The real big spenders in the music business
It’s a busy Christmas for streaming services and accessory manufacturers when it comes to advertising
It will not have escaped your attention that Christmas is coming down the tracks. The annual orgy of consumerism makes cash tills ring with greater gusto than at any other time of the year, as retailers aim to get in enough money to see them through the bleak months of January and February.
For the music industry, this is peak revenue season. Since the summer, the marketing and promotional campaigns have been in place to flog the year’s big albums and seasonal specials by all means necessary. It’s when labels make their cash based on albums by such blockbuster names as One Direction, Robbie Williams, Kings Of Leon, Queens of the Stone Age and any other recognisable name who released something in 2013.
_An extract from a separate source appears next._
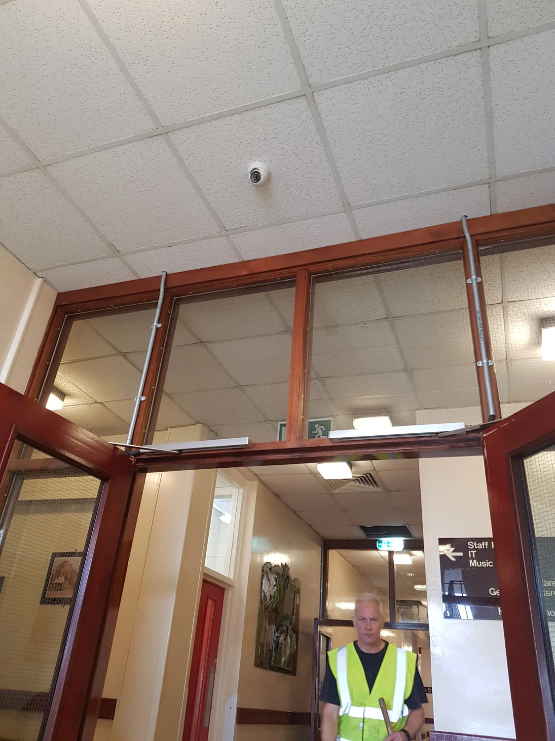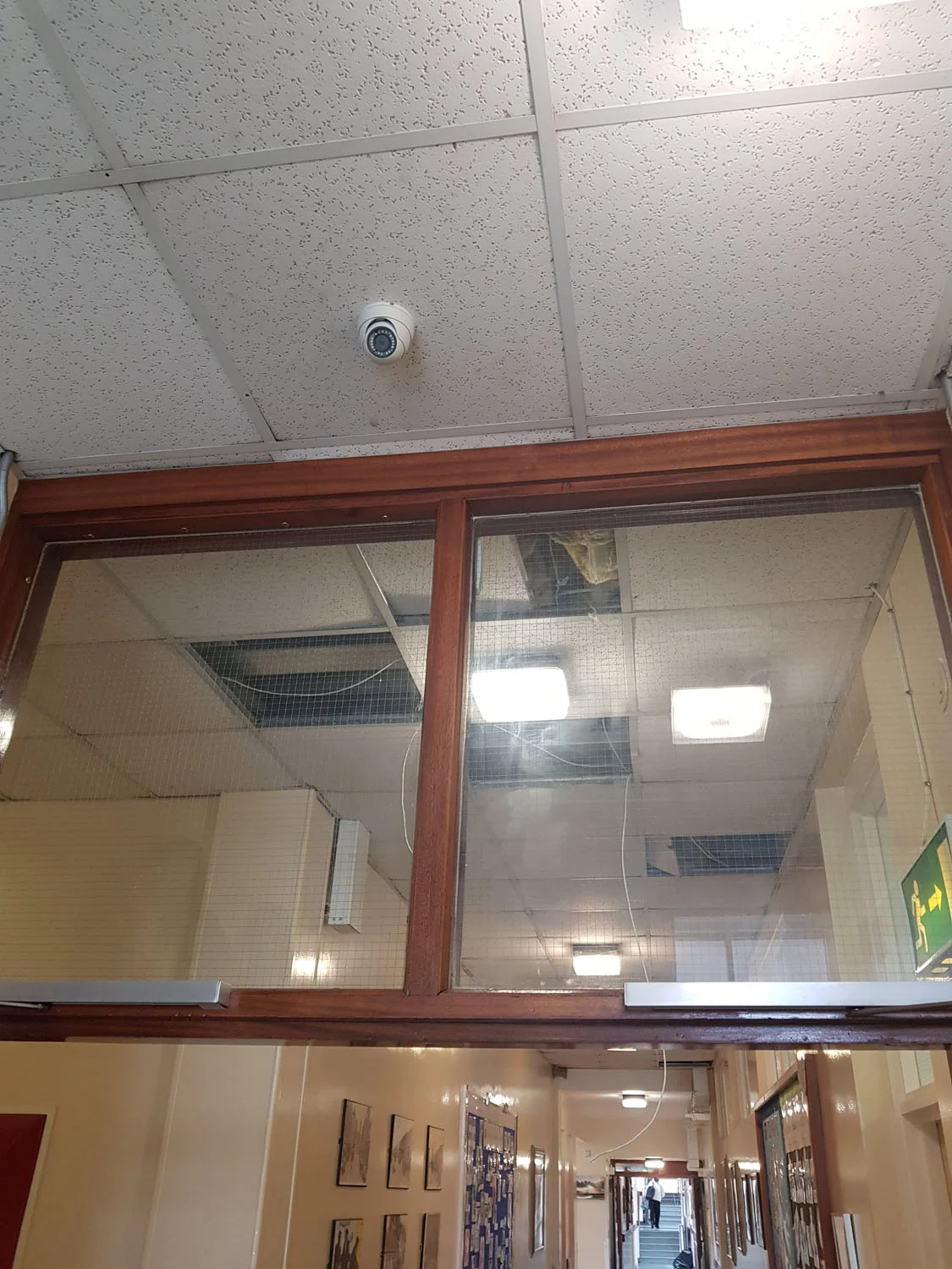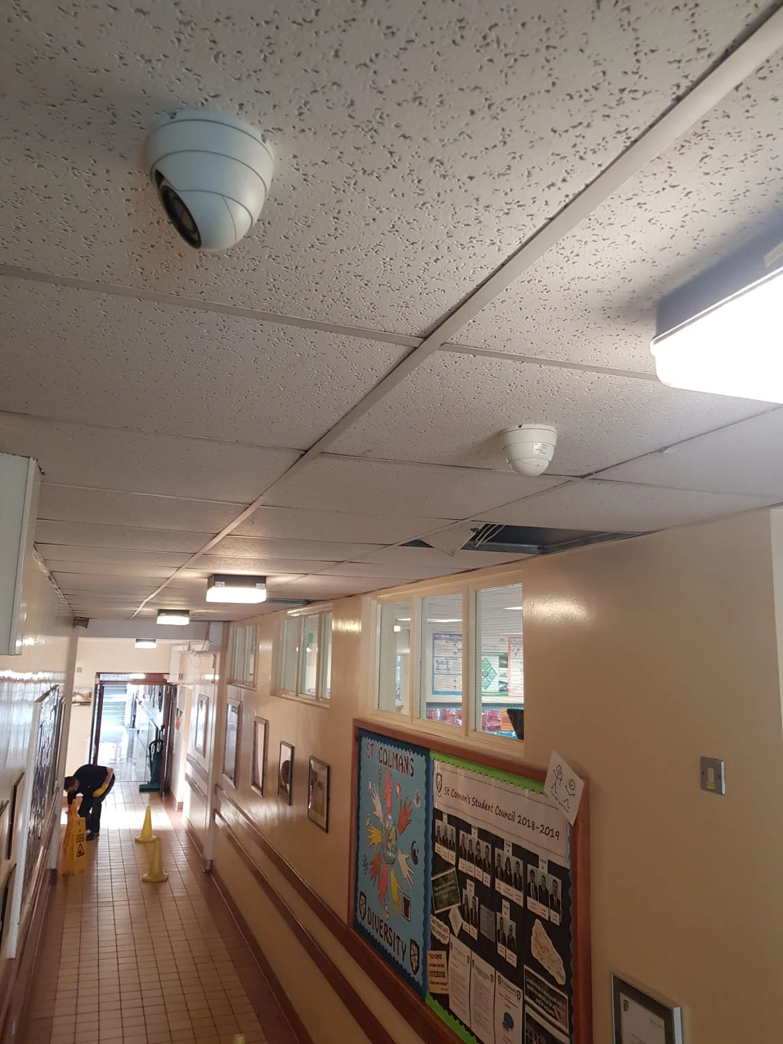 We were commissioned to design and install a new 11-camera CCTV system for Ballynahinch High School, providing comprehensive coverage to previously unmonitored areas such as hallways and stairwells. The school campus is a large and complex building, requiring careful routing of cabling through suspended ceilings, with wall-mounted conduit used where solid walls prevented ceiling access.

But the biggest music-based marketing and advertising campaign underway of late in Ireland and elsewhere has come from Spotify. The giant streaming service marked the first anniversary of its arrival in Ireland with a widespread billboard and bus shelter campaign.
Elsewhere, Beats By Dre is spending some of its cash reserves – quite a deal of which goes through a tax base located in an accountant’s office in Clonakilty, Co Cork – on double-page ads in the New York Times flogging their headphones and soon-come curated music streaming service .
It’s telling that streaming services and accessory manufacturers are responsible for so much advertising spend. They’re the ones with the cash flow (or investment capital in the case of Spotify) and, like any growing business, they want to attract more customers.
The record labels, it seems, can’t compete on the same terms and will be relying on habit, routine and tradition to get them over the line. But this may well be the Christmas when CD box sets are replaced under the tree by Spotify vouchers.